Folie à Deux: Audio Tour—Site-specific, collaborative mural

February 22, 2022

Audio clip and script by Gallery & Curatorial Fellows Mae Blackwell and Aria Cooper


Cyrille Conan & Kenji Nakayama
Folie à Deux (site-specific mural), 2022
Acrylic and spray paint on wall

Transcript

Cyrille and Kenji have known each other since the early 2000s but didn’t start collaborating until 2019 for Dear So-and-So, a pen pals art show in which artists were encouraged to work in a call-and-response style. 

Their collaboration seems to come easily to them because of their friendship, love of geometry, similar creative processes and, perhaps most importantly, an inherent mutual trust. Both enjoy listening to music while they work and have intensely broad tastes from New York Rap to Japanese honky tonk. 

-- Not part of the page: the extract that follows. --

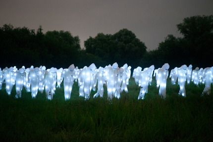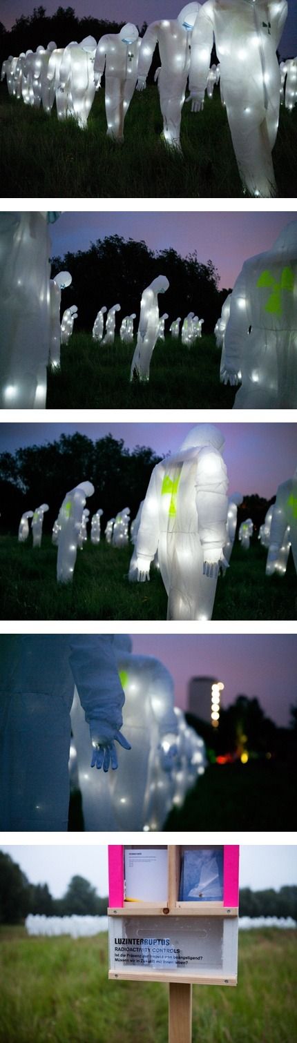 초록빛 풀밭 한복판, 작업복을 입은 100명의 "방사능 병정"들이 어딘가로 향해 간다. 등판의 방사능 표시와 몸 안에서 뿜어져 나오는 빛이 어딘가 불안하다. 루스인테르툽스(Luzinterruptus)의 최근작 ‘방사능 제어(Radioactive Control)’의 모습이다. 빛(luz)으로 도시 공간 곳곳에 개입해왔던 그들이, 이번 작업에서는 당면한 방사능 위기를 정면으로 겨냥한다. 지난 3월 대지진과 쓰나미로, 원전 안전신화 역시 무너졌다. 루스인테룹투스는 인스톨레이션을 통해 방사능에 대한 공포를 시각화하는 한편, 원자력 에너지의 이용과 남용에 관해 다시 생각해 보게 한다. 루스인테르툽스의 ‘방사능 제어’는 지난 달, 함부르크에서 열린 독빌 페스티벌(Dockville Festival)에서 전시되었다.

By starting without a plan or with only a very loose one, they riff on each other’s ideas similar to a band jamming out or a freestyle rap. For example, Cyrille didn’t start using outlines of circles until working with Kenji on a piece in which he needed to create more negative space for Kenji’s work to come through. Usually pieces only get exchanged once with Kenji beginning and Cyrille finishing a piece but in this mural they worked side by side. There was an instance where Kenji felt as though he had overdone an area of the mural and asked Cyrille to go back in and cover some of it up. This speaks to the trust that the artists have for each other when collaborating.

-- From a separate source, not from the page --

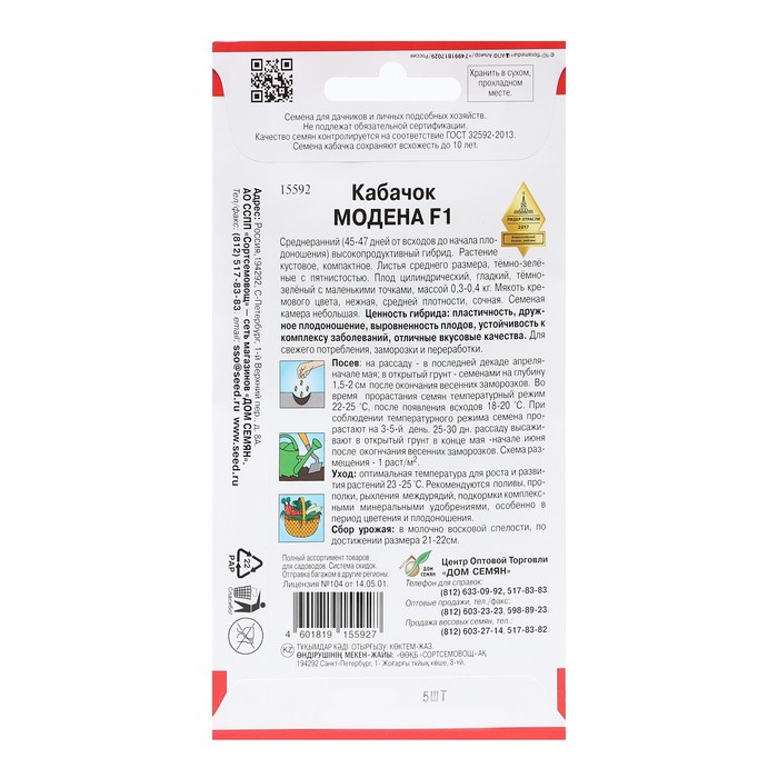 Высокоурожайный среднеспелый гибрид цуккини (55-60 дней) Растение кустовое, сильное, открытого типа. Плоды цилиндрические, темно-зеленого цвета с глянцевым блеском. Длина плода 18-22 см, вес 300-400 гр. Сохраняет высокую товарность после уборки. Отличные вкусовые качества во всех видах переработки, в т.ч. после заморозки.

The name of the show, Folie à Deux, a “madness shared by two,” came from their desire to emphasize their cohesive creative process. Cyrille found the phrase while searching French expressions on the internet and it immediately jumped out at him. They both share a history of naming their works in French. One of Kenji’s previous bodies of work was named Etudes (“studies”) while Cyrille previously named many pieces in French before naming them in Breton. 

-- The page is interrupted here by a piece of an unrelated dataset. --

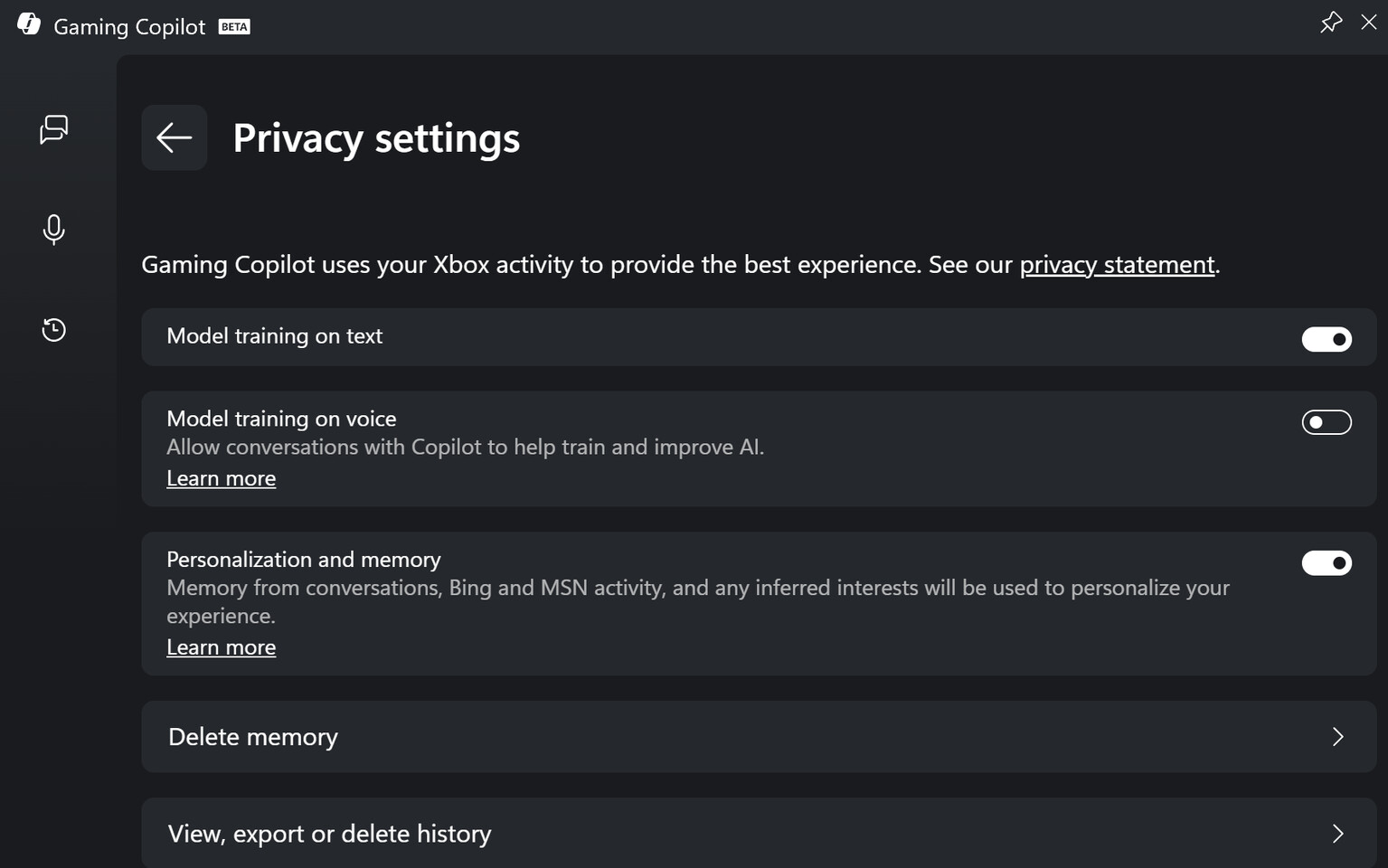 Згідно з повідомленнями ентузіастів, ШІ Gaming Copilot за замовчуванням збирає та аналізує знімки екрана користувачів, виконує на них оптичне розпізнавання символів (OCR) та надсилає витягнутий текст на сервери Microsoft для навчання своїх великих мовних моделей (LLM).

Cyrille and Kenji’s repeating symbols of circles, letters, layers and dynamic patterns that are prevalent throughout their work, communicate with, and expand upon each other when placed on the same canvas, or in the same space. In fact, their work is so cohesive that people who are not aware that Folie à Deux is a collaborative show and assume that all the work is made by one artist. 

When moving through the show, take time to look at each piece and think about the colors, shapes, and compositions. In what works do you feel balance or a lack of balance? Does your perception of the shapes change as you move through the space? There are endless ways to interpret abstract art, everyone will see something different and take their own meaning or ideas away. Ask yourself, what is abstraction’s place in art? When was the last time you made something? What would you do if given a blank space?